# Moab to Grand Junction Lasal Road Access



## toasty (May 15, 2008)

Thinking about hitting the Grand Junction area for turkeys in May for my first out of state turkey hunt. Anybody have any ideas on if access is open that early from Moab over into the Lasals into Colorado? Would it be better to drive around on I70 and access that area from Grand Junction? The reason I ask is I may try to combine both my UT and CO general hunts and hunt out of a single location. Thanks.


----------



## Critter (Mar 20, 2010)

Are you talking about Ut46 that heads to the east from the LaSal junction into Colorado? If so it is a paved road and is open along with HWY 90 in Colorado. The road to Buck Eye Reservoir in Colorado should be open since it is low enough but it could be muddy from the Utah side.


----------



## toasty (May 15, 2008)

I am thinking more like Gateway road that goes from Castle Valley over to gateway.


----------



## BPturkeys (Sep 13, 2007)

Are you trying to hunt the La Sals... Utah part and Colorado part...only? Or are you trying to hunt somehwere else in Colorado and then the La Sal's for your Utah hunt?


----------



## johnnycake (Jul 19, 2011)

toasty said:


> I am thinking more like Gateway road that goes from Castle Valley over to gateway.

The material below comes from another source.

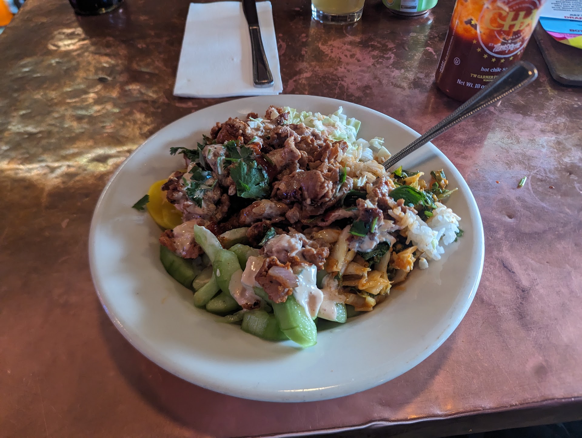 We walked in and was told it would be a 25-30 min wait to sit outside when there were 2-3 open tables. We decided to sit inside and it was fairly open. Great, it shouldn’t be too busy. Wrong. Took 10 minutes for anyone to show up and when our server shows up, he drops off a carafe of water and two glasses and walks off. Hmmmm, that’s odd. What’s your name, sir? 5 min later he arrives and drops off menus and walks away. 5 min later he arrives and what do you know, he speaks. “What drinks do you want?” When asked if a beverage is gluten-free, he says in a gruff voice, “it’s a seltzer.” Good thing he clarified that. Eye roll. 15-20 min later our drinks arrive and my can of seltzer became lonely without its glass. Again, he ghosted and came back 5-10 min later and took our order. Still don’t know his name nor haven’t received a greeting. 5-10 min later, I asked him for a pint glass and he responds, “for that?” pointing at my can. Uh, yes. He brings a dirty glass with chunks of food in it and I was done.

The road up John Brown Canyon is a nasty piece of work if it gets wet. There are definitely turkeys up in that general area though on both sides of the border. Lots of private land too.


----------



## BPturkeys (Sep 13, 2007)

That Gateway road should be open by May


----------



## toasty (May 15, 2008)

Thanks guys. Yes, hoping to hunt the Lasals in both states from a single camp. It will be interesting to see if I have learned anything over the last 10 years hunting turkeys in Utah. We will see if I can get it done in a completely new area. I think if I can find the turkeys on public, eventually I should be able to coax one into range. Will take a good set of maps.


----------



## BPturkeys (Sep 13, 2007)

You might want to contact the JB Ranch and see if they do turkey hunts within the CWMU framework. If not, there property is open under your permit and they may allow(for a fee) access to their property. They have the turkeys and I think they have property in both states.


----------



## toasty (May 15, 2008)

I talked to JB Ranch. They do not offer tags or access, but were about as nice as any CWMU I have ever talked to. They were happy to give out some information that will hopefully help. I think a plan is starting to come together for this trip. I appreciate the help from everyone. As always, I will post up some pics and let you all know how it goes.


----------



## johnnycake (Jul 19, 2011)

I didn't think they'd give you turkey access, but they are definitely class acts.


----------